SNRT Radio National (الإذاعة الوطنية) is a Moroccan radio channel operated by the state-owned public-broadcasting organization SNRT and specializing in news, sports, talk programmes, and popular music, broadcast from Rabat called in Arabic AL-IDAA ALWATANIA MAGHREBIA mean Moroccan National Radio.

==SNRT Radio National schedule==
The channel focuses on news (with bulletins every hour), together with discussion and debate on public policy and social issues. SNRT Radio National also carries live coverage of sporting events Every Saturdays and Sundays.
SNRT Radio National's musical content is a mix of contemporary and popular Music with a focus on Moroccan productions, with a concentration on specialist music programming in the evening schedules.
The radio still retains several old songs and is still broadcasting them.

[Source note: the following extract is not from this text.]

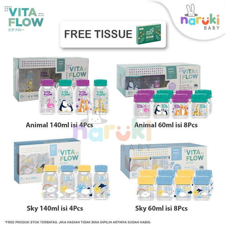 Vitaflow Botol ASI 3in1 PP 140ml isi 4pcs dan 60ml isi 8pcs Botol ASI Vita Flow / MUJENI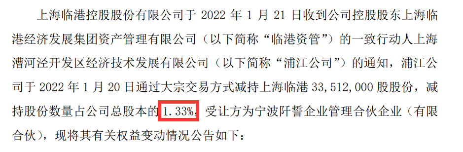 根據上海臨港公告,該公司控股股東臨港資管的一致行動人上海漕河涇開發區經濟技術發展有限公司,通過大宗交易方式向寧波阡誓企業管理合伙企業(有限合伙)(下稱:寧波阡誓)轉讓該公司1.33%股份。

Among SNRT Radio National programmes:
- Sabah Beladi : 06h00-09h00 (All the week) (Samir Rayssouni/Abdelrahim Basselam/Hanan Ait Ammi/Houda Ait Ouaqqa)
- Liqae Al Maftouh : 09h00-12h00 (From Monday to Friday) (Jihane Mayna/Halima Alaoui)
- Hadith Al Dahira : 12h00-13h00(From Monday to Thursday) (Najma Alami)
- Atini Raeyak : 14h00-16h00 (From Monday to Friday) (Taoufik Bouchiti)
- Top Connexion : 17h00-19h00 (From Monday to Thursday) (Rim CHemaou/Taoufik Bouchiti)
- Maweid Li Niqach : 19h00-20h00 (only Monday)
- Sport : Min Al Mayadin Arriadiya (Saturdays)/Al Ahad Al Riyadi (Sundays) (Adil Alaoui)
- etc.

==SNRT Radio Regional==
There are other Regional Stations in : Agadir, Al Hoceima, Casablanca, Dakhla, Fès, Laâyoune, Marrakech, Meknès, Ouarzazate, Oujda, Tanger and Tétouan.